Saturday, August 10, 2013

AWFS and Other Things

It has been a long time since I have posted. It is not because I have not been doing wood work, although that is part of the reason.  The main reason is that I have been busy.  Work has kept me pretty busy and I have moved.  I finally have a garage to put most of my tools.  Yes, there are some still at my parents but the majority are now in my possession. I am not going to lie, it is nice to walk out in the garage and see my tools ready to be used.  I did just finish several things.  The last three pieces of the construction set are now complete.  I will post about them later after I take pictures of them.  My kids were so excited about one they all ready broke it.  However, it is now fixed.
Last year around this time I wrote about going to IWF in Atalanta. This is the west coast version.  I usually go to the Woodworking Show put on by Wood magazine.  It is a show that is becoming smaller in southern California.  I believe the main reason is the internet and online purchases.  It is a hobbyist and small business show.  Lots of retail and gimmicky items to put a neat touch on your work.  If this show took steroids it becomes AWFS. This is for the larger businesses and people who make their living in the woodworking industry.  There are hardware vendors and larger machinery vendors.  The paper and vinyl vendors are there along with the lumber mills.  The power tool companies and retail venders are not there.  Rockler only had a small booth.  This was a time to meet with vendors, talk about new ideas and see how the industry is changing.  Here are some things I noticed walking around the show.
  • Super glue is becoming more popular.  I am not sold on it yet.  I use it for repairs but that is it.  It is not water based so there is no grain raise and faster drying.  I can still buy a gallon of wood glue for the same cost of 12 oz of super glue.
  • Printing and engraving capabilities are on the rise.  I saw a fair amount of laser cutters and etching machines.  These are fasinating to watch.  They had a couple that could handle an eight foot wide board.  Printing has come a long way.  It has also come a long way on paper and vinyl laminates.  There are some really nice looking papers that look just like wood.
  • CNC machining.  There are a lot more vendors and the price is coming down on these machines.  They do nice work and allow for personal touches to make pieces stand out.  It is always fun to see what new design these companies come up with to showcase their product.  Last year I fell in love with a knock down rocking chair.  It was back and no, they still would not let me have the pattern.  This year there was a kids picnic table. These machines have come a long way and I hope to learn how to use them. It will be through work; they are still out of my price range.
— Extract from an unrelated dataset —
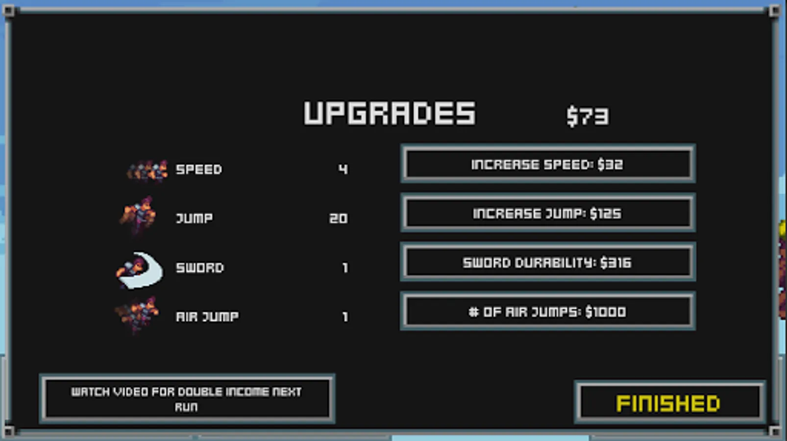 Use the credits to upgrade the Sky Runner's speed, jump power, and more!

It is always fun to pick our vendors brains about their expertise.  They are experts in the field and know more than I will ever know about their industry.  It was getting to the close of the show and I started talking to our sandpaper vendor.  The company is called Uneeda Enterprises.  I have sandpaper that was passed down to me from my grandfather.  It is called garnet paper and I wanted to know what was a good abrasive.  I knew aluminum oxide was good from a class I took in college but I was wondering what I should use for woodworking and finishing.  It was interesting to hear some of the science that goes into the abrasives.  Aluminum oxide is still a very good abrasive but they are not all the same.  An abrasive should break and remain sharp instead of wear down.  I will talk more about this on my next post.  I used the samples they gave me for finishing today.  I am just going to say that I was more than impressed.
I am going to end on this tidbit of understanding I learned from the show.  There are two groups of people that come to these shows.  The business people and the wood chuckers.  I get to play in both groups.  The business people are not looking to see how many pens, tape measures, candy, and weird and unusual things they can collect at the show.  The wood chuckers are trying to get all their supplies for free.  The vendors really do not want to take anything home with them.  It costs shipping and it is a pain.  The last day of the show is for all the wood chuckers.  I was not there for the last day of the show, however I was looking for deals.  Some of the tools were interesting but nothing that I wanted to buy.  I did get some weird silly putty stuff and a picnic paper goods holder.  It was a good show and I'm glad I work for a company that also does woodworking.